The function pictured has the form of y=k(x^2)
(the left and right side are going up on a quadratic fnction and y goes to 6 and x goes to 6
. What is the value of k
?
The value of k can be determined by plugging in the given values of y and x into the equation y = k(x^2).
Since y goes to 6 and x goes to 6, we have:
6 = k(6^2)
Simplifying the equation:
6 = k(36)
Dividing both sides by 36:
6/36 = k
Simplifying further:
1/6 = k
Therefore, the value of k is 1/6.
Based on the given information, we know that the function is in the form of y = k(x^2). We can use the point (6, 6) on the graph of the function to find the value of k.

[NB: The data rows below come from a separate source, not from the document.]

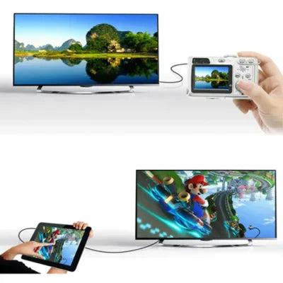 بدال لا تروحين تشترين "واير طويل" يديد وغالي عشان يركب على كاميرتج، بس ركبي هالوصلة الصغيرة (Adapter) على واير الـ HDMI اللي أصلاً موجود عندج بالبيت، وشبكي جهازج عالتلفزيون سيدا!
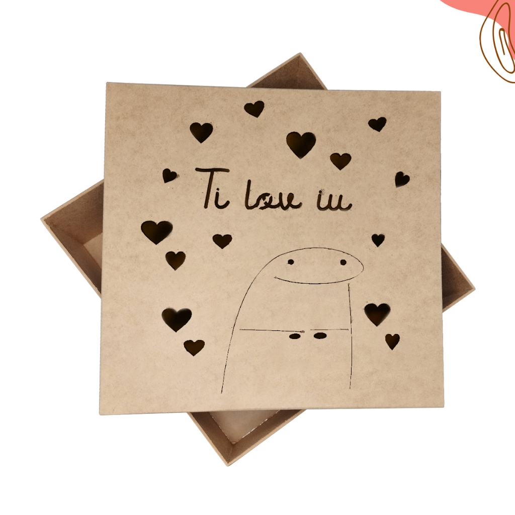 Caixa 30x30x10 Bento Declaração Ti Louve Iu Embalagem Divertida Namorados em MDF
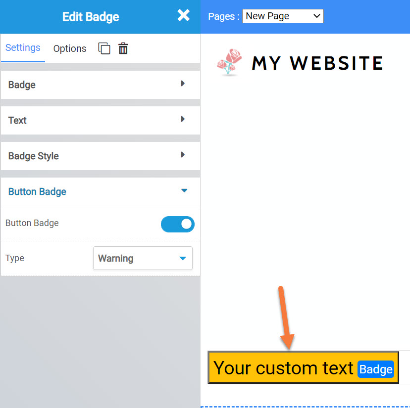 The Text options allow you to change the text that is adjacent to the Badge and the way it looks. You can choose from these settings:
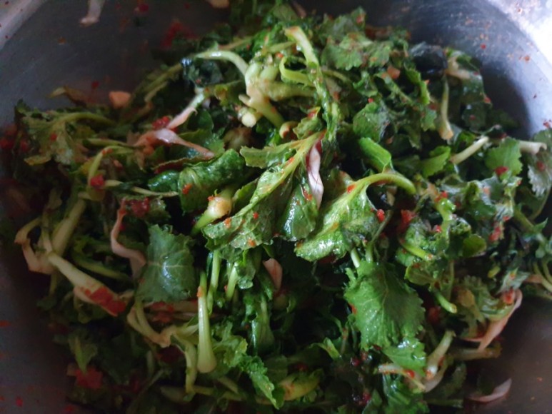 4.양념장에 참기름을 넣고 섞은 후 월동초와 함께 버무려준다.
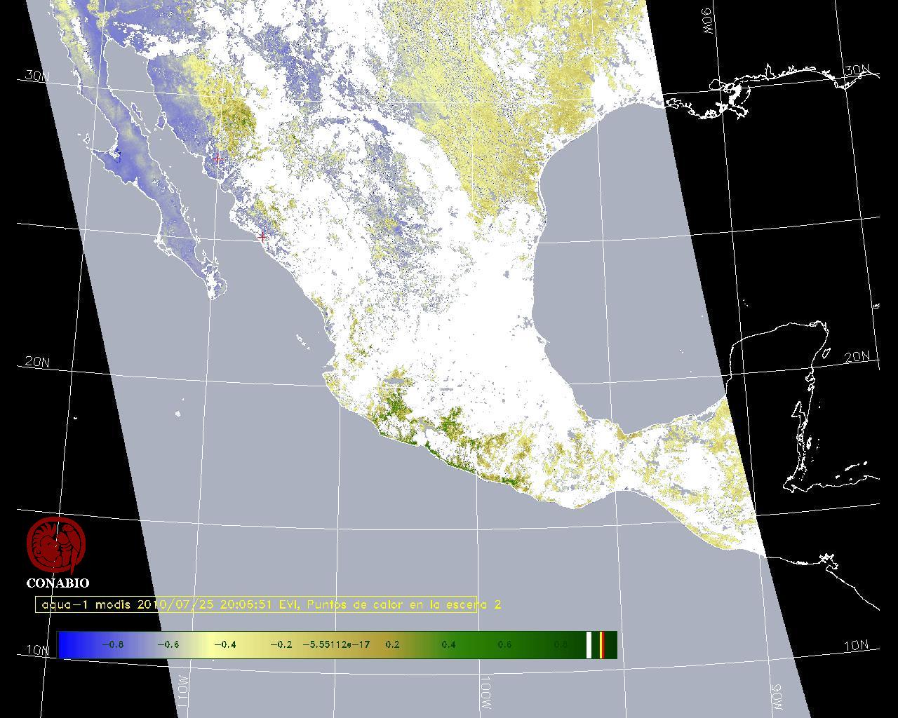 Se considera como punto de calor al elemento espacial mínimo de la imagen (pixel) que reporta una temperatura elevada. Para las imágenes diurnas la temperatura mínima considera es de 42 C y para las imágenes nocturnas es de 25 C. |
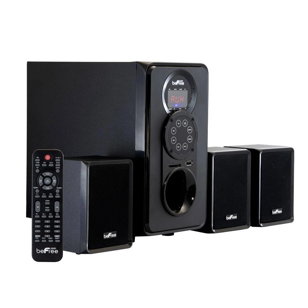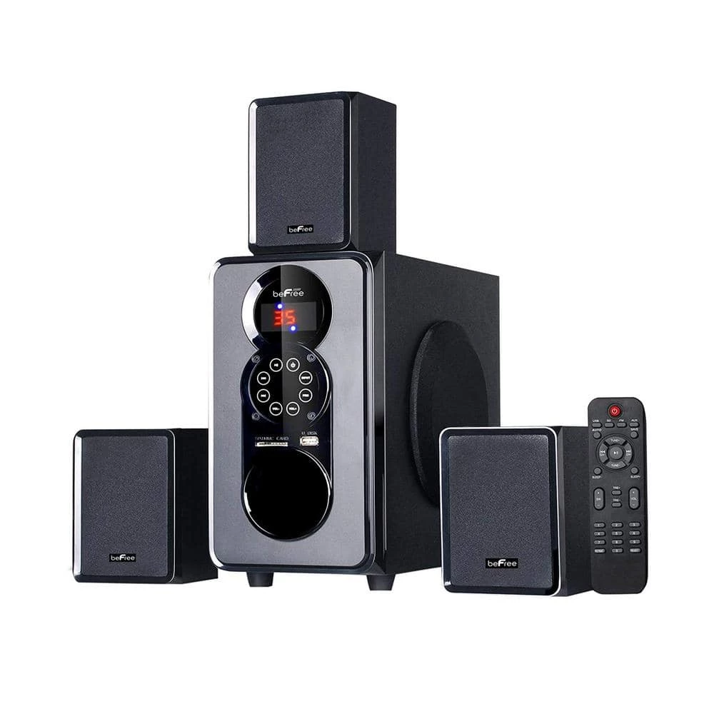 Enjoy the ultimate home theater experience with BEFREE SOUND’S 3.1 Channel Surround Sound Bluetooth Speaker System. This speaker system is designed with sophistication, featuring a sleek look and smooth sound. With Bluetooth, USB, SD and FM radio capability, the system offers the best possible listening options for your enjoyment.
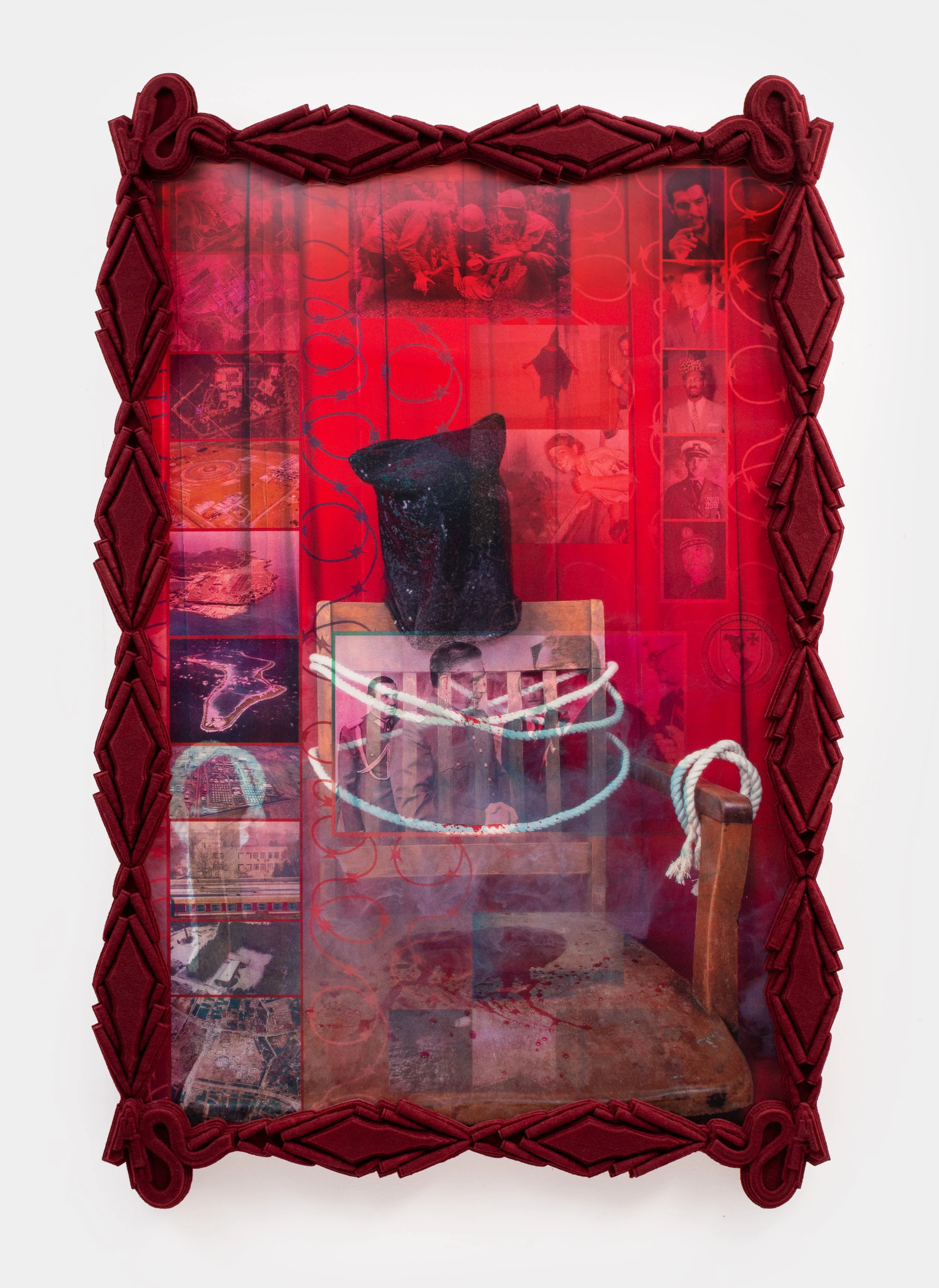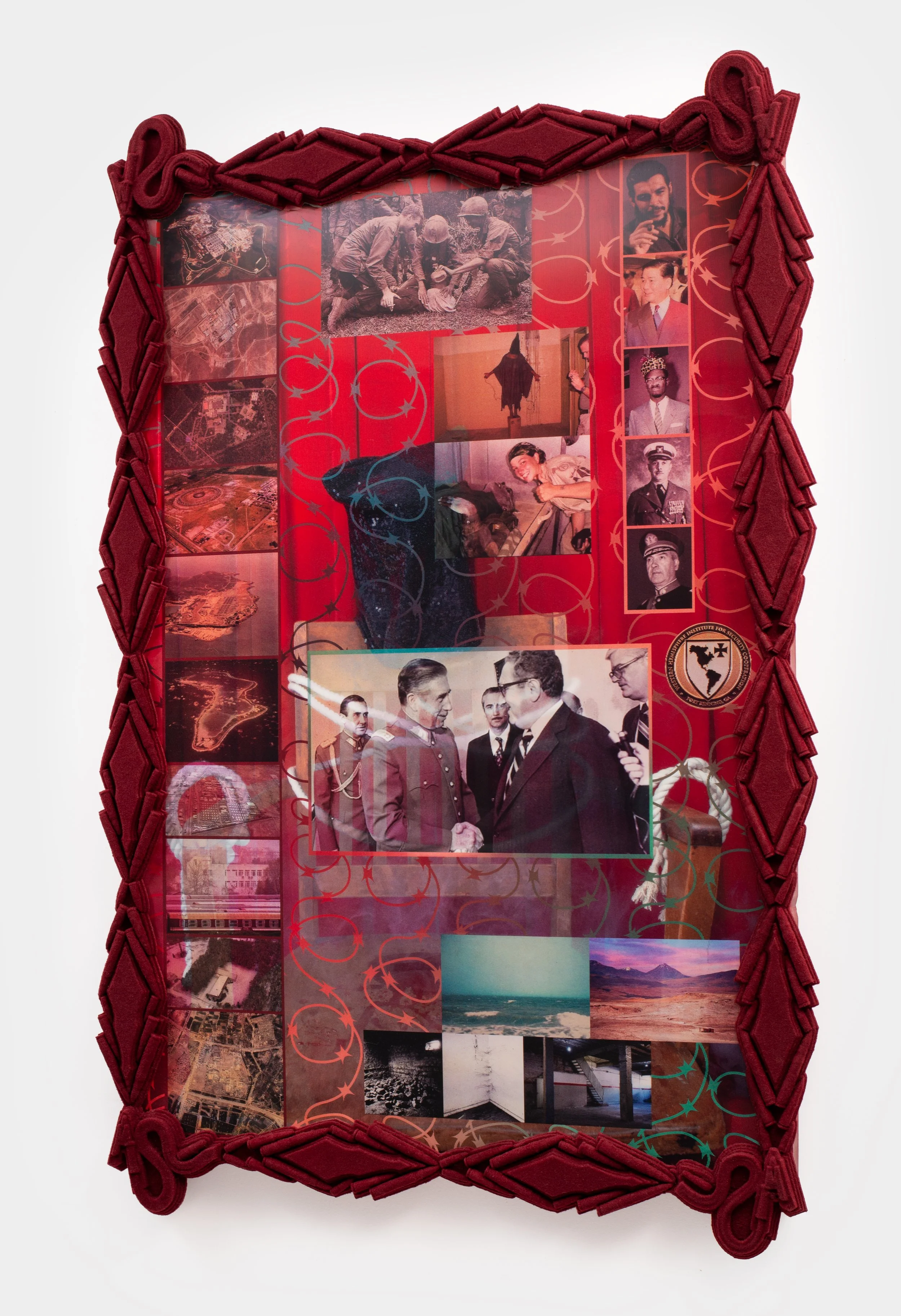 “Vanishing Acts” references the CIA practice of disappearing enemies. The lenticular image shifts from a magician’s trick chair to a collage of images from Abu Ghraib and Guantanamo Bay, CIA black sites detention and torture centers as part of Operation Condor and political leaders assassinated by the US. The frame features two secret compartments containing an engraved bullet casing with names of leaders assassinated by the US and an authentic instructors enamel pin from School of the Americas.
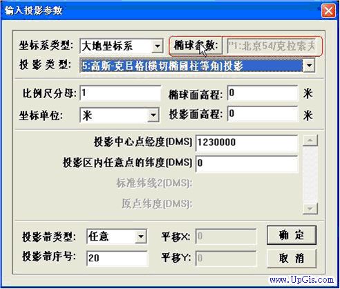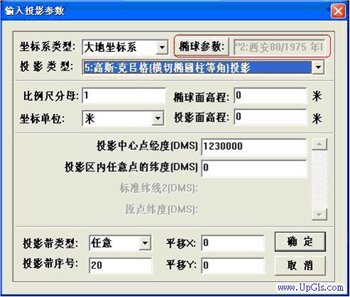 6、单击“投影转换”菜单下“设置转换后参数”命令,系统弹出“输入投影参数”对话框,如图7所示,转换后的参数设置为:
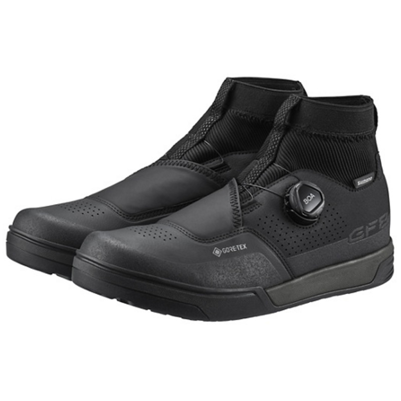 Las zapatillas Shimano GF8G SH-GF800GTX están diseñadas específicamente para ciclistas comprometidos que se enfrentan a senderos húmedos, fríos y exigentes. Gracias a su suela ULTREAD GF de baja temperatura, ofrecen un agarre excepcional en pedales planos, incluso en las condiciones más difíciles. El forro GORE-TEX tipo calcetín, combinado con un cuello elástico, impide la penetración del agua y el frío, garantizando comodidad y calidez durante todo el recorrido.

Substituting the coordinates (6, 6) into the equation, we have:
6 = k(6^2)
6 = k(36)
To solve for k, divide both sides of the equation by 36:
k = 6/36
Simplifying the fraction:
k = 1/6
Therefore, the value of k is 1/6.
To find the value of k in the given quadratic function y = k(x^2), we need to use the information given in the question.
From the question, we know that as x goes to 6, y also goes to 6. This means that at x = 6, y = 6.
Substituting these values into our quadratic function, we can write the equation as follows:
6 = k(6^2)
Simplifying further:
6 = k * 36
Now we need to solve for k.
Dividing both sides of the equation by 36, we get:
k = 6/36
Simplifying further:
k = 1/6
Therefore, the value of k is 1/6 or approximately 0.1667.